▶ [Records from a collection]:
*** Block opens ***

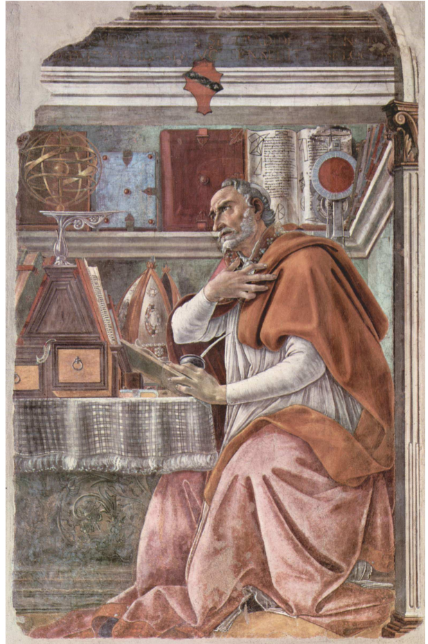
Augustine of Hippo
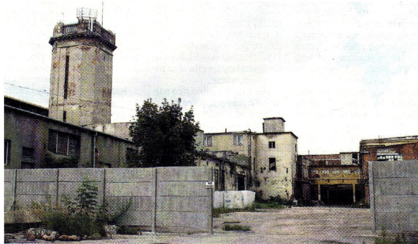
Ul. Zimna 3a. W 1942 roku wywieziono stąd lubelskich Żydów do obozu zagłady
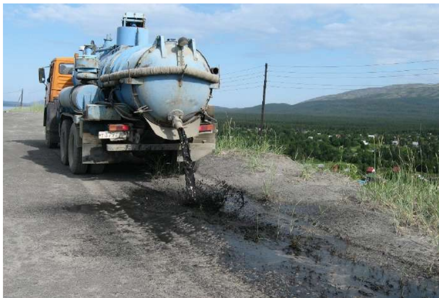
Рис. 7. Закрепление дорожного полотна на хвостохранилище АНОФ-2 с помощью анионной битумной эмульсии.
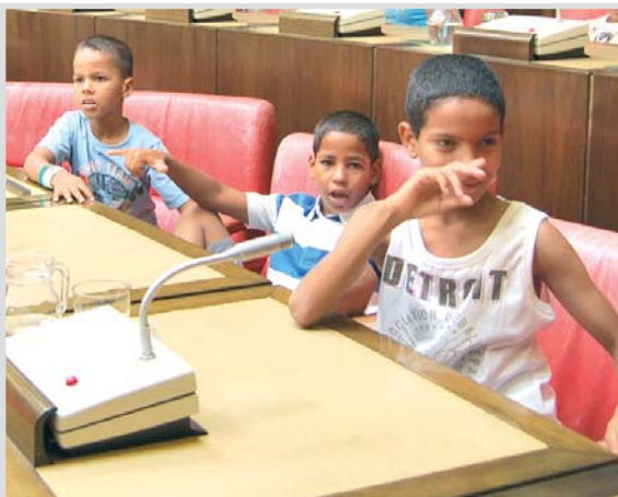
Unos niños saharauís del programa Vacaciones en Paz.

La presidenta de la asociación señaló que si la crisis económica golpea de forma dura a los países desarrollados, los pobres lo padecen peor, y muestra de ello es la situación en la que llegaron a Albacete los niños saharauís en el programa de verano Vacaciones en Paz. Muchos de ellos tuvieron que ser tratados por anemia y otros problemas alimenticios.
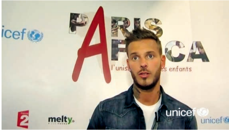
Fig. 4 Capture d'écran de la vidéo du témoignage de M Pokora.
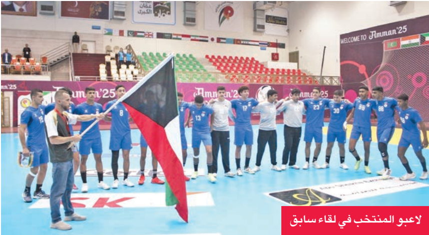
لاعبو المنتخب في لقاء سابق

الرئيسي السبت، بإقامة ثلاث مباريات، حيث يلتقي منتخب إيران مع الأردن عند الثالثة عصراً ضمن المجموعة الثانية، ويواجه منتخب كوريا الجنوبية نظيره الصين تايبيه الساعة الخامسة مساءً، فيما يلتقي منتخب السعودية مع البحرين في التاسعة مساءً بالمجموعة الأولى.
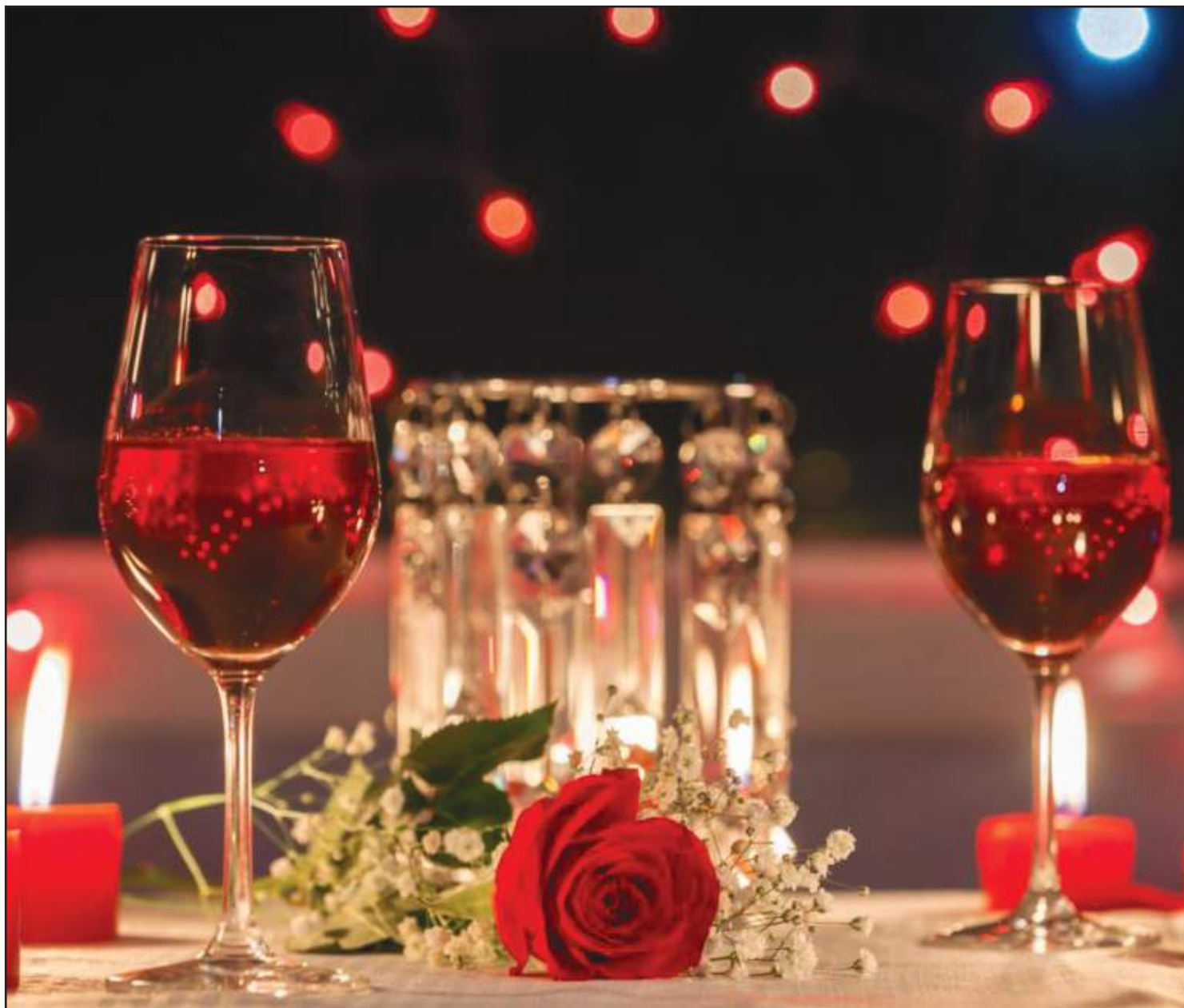
Jantar romântico está entre as principais opções para a data
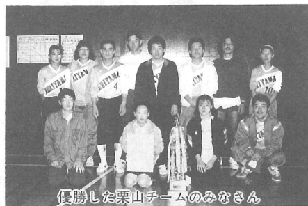
優勝した栗山チームのみなさん

「未来に伸ばそう！ 山武の農林業」をテーマに、第9回山武地域農林業まつりが11月3日、蓮沼村で開催されました。会場となったスポーツプラザの駐車場には、テントがズラリと設けられ、東金市と郡内8町村が、それぞれ地域の特産物の即売などを行いました。横芝町は、みつば、ミニトマト及びシャコバサボテンの即売のほか、カリカリ梅と梅酒の試食試飲コーナーも設置。訪れた人の人気を集めていました。
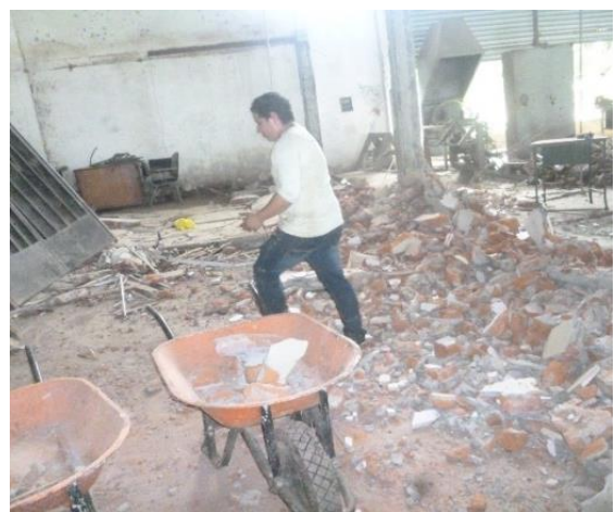
Retiro y limpieza de escombros
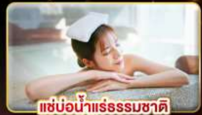
แช่น้ำแร่ธรรมชาติ
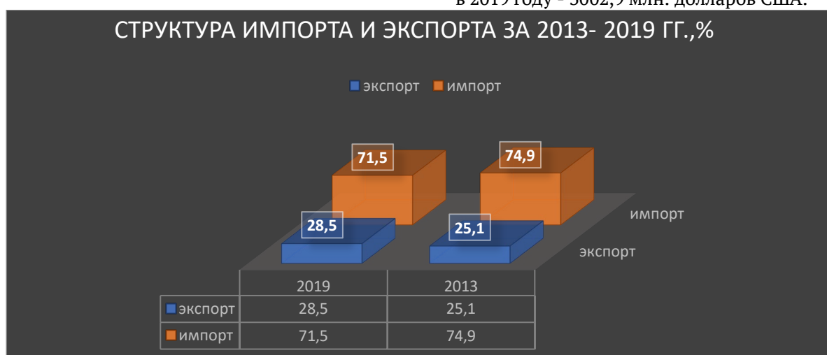
Рис. 1. Структура импорта и экспорта за 2013- 2019 гг., %

Восстановление внешней торговли Кыргызской Республики началось с 2017 года, показателем этого стало увеличение объема экспорта в системе внешнеэкономической деятельности и снижение дефицита торгового баланса - в 2013 году составлял 3980,2 млн. долларов США, в 2019 году - 3002,9 млн. долларов США.
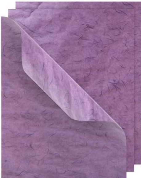
Soie de paille VBS, 50x70cm, 3 feuilles., Violet
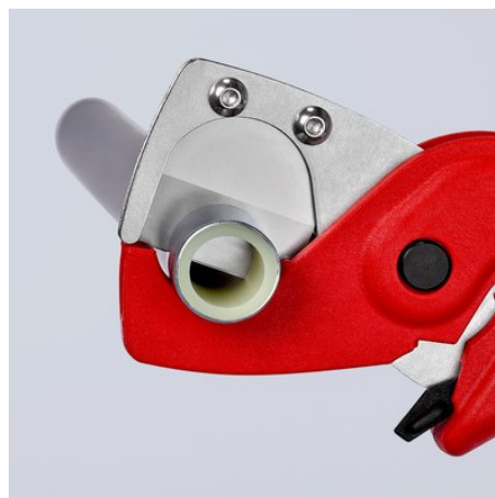
Das hochfeste, scharfe Messer schneidet Verbund- und Kunststoffrohre glatt und gratfrei
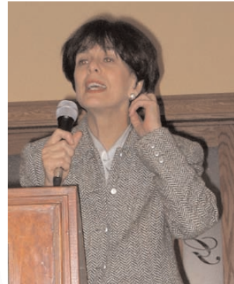
Visite de la Ministre lors de la Rencontre nationale au Mont-Gabriel l'an dernier
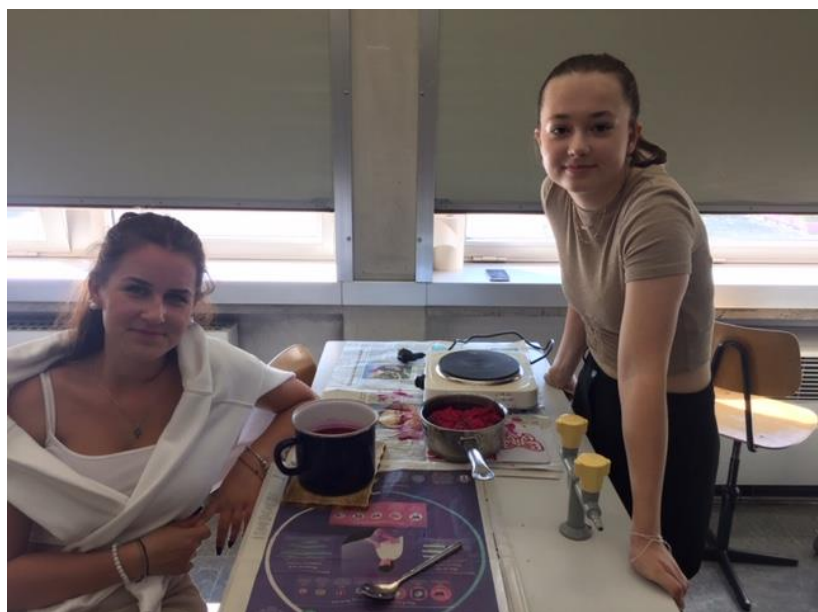
T-Shirts im Färbebad
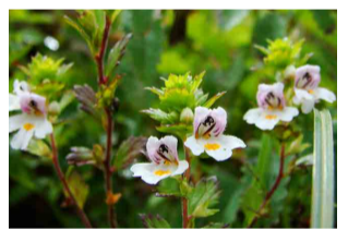
ミヤマコゴメグサ

*** Block closes ***

▶ [What to do]: Pictures aside, restate all of the entries exactly.

▶ [Task answer]:
Augustine of Hippo
Ul. Zimna 3a. W 1942 roku wywieziono stąd lubelskich Żydów do obozu zagłady
Рис. 7. Закрепление дорожного полотна на хвостохранилище АНОФ-2 с помощью анионной битумной эмульсии.
Unos niños saharauís del programa Vacaciones en Paz.

La presidenta de la asociación señaló que si la crisis económica golpea de forma dura a los países desarrollados, los pobres lo padecen peor, y muestra de ello es la situación en la que llegaron a Albacete los niños saharauís en el programa de verano Vacaciones en Paz. Muchos de ellos tuvieron que ser tratados por anemia y otros problemas alimenticios.
Fig. 4 Capture d'écran de la vidéo du témoignage de M Pokora.
لاعبو المنتخب في لقاء سابق

الرئيسي السبت، بإقامة ثلاث مباريات، حيث يلتقي منتخب إيران مع الأردن عند الثالثة عصراً ضمن المجموعة الثانية، ويواجه منتخب كوريا الجنوبية نظيره الصين تايبيه الساعة الخامسة مساءً، فيما يلتقي منتخب السعودية مع البحرين في التاسعة مساءً بالمجموعة الأولى.
Jantar romântico está entre as principais opções para a data
優勝した栗山チームのみなさん

「未来に伸ばそう！ 山武の農林業」をテーマに、第9回山武地域農林業まつりが11月3日、蓮沼村で開催されました。会場となったスポーツプラザの駐車場には、テントがズラリと設けられ、東金市と郡内8町村が、それぞれ地域の特産物の即売などを行いました。横芝町は、みつば、ミニトマト及びシャコバサボテンの即売のほか、カリカリ梅と梅酒の試食試飲コーナーも設置。訪れた人の人気を集めていました。
Retiro y limpieza de escombros
แช่น้ำแร่ธรรมชาติ
Рис. 1. Структура импорта и экспорта за 2013- 2019 гг., %

Восстановление внешней торговли Кыргызской Республики началось с 2017 года, показателем этого стало увеличение объема экспорта в системе внешнеэкономической деятельности и снижение дефицита торгового баланса - в 2013 году составлял 3980,2 млн. долларов США, в 2019 году - 3002,9 млн. долларов США.
Soie de paille VBS, 50x70cm, 3 feuilles., Violet
Das hochfeste, scharfe Messer schneidet Verbund- und Kunststoffrohre glatt und gratfrei
Visite de la Ministre lors de la Rencontre nationale au Mont-Gabriel l'an dernier
T-Shirts im Färbebad
ミヤマコゴメグサ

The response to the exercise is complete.